_TASK PROMPT_: From the line that contains "首先是户式科技系统。该系统以" down to the last line of the data below, restate every line word for word, skipping any images.

Start of AVAILABLE DATA

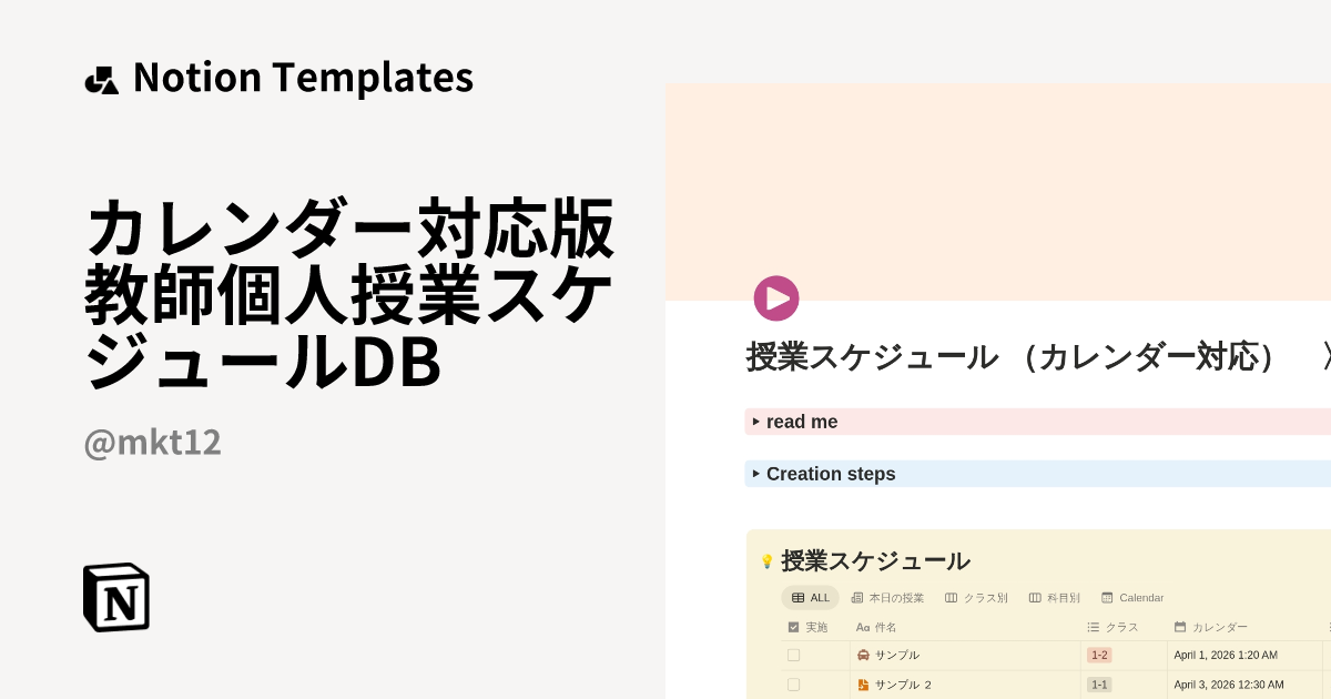 カレンダー対応版 教師個人授業スケジュールDB Template by MKT | Notion Marketplace
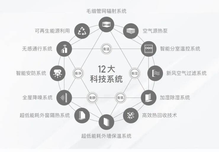 首先是户式科技系统。该系统以“衡温、衡湿、衡氧、衡净、衡静”系统为理念。由空气源热泵、高效热回收调湿新风机组、毛细管网、自控系统等组成。
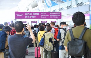 仙台空港で台北行きのチェックインを待つ利用客=17年9月25日 PHOTO: Yusuke KOHASE/Aviation Wire

End of AVAILABLE DATA

_ANSWER BOX_:
 首先是户式科技系统。该系统以“衡温、衡湿、衡氧、衡净、衡静”系统为理念。由空气源热泵、高效热回收调湿新风机组、毛细管网、自控系统等组成。
 仙台空港で台北行きのチェックインを待つ利用客=17年9月25日 PHOTO: Yusuke KOHASE/Aviation Wire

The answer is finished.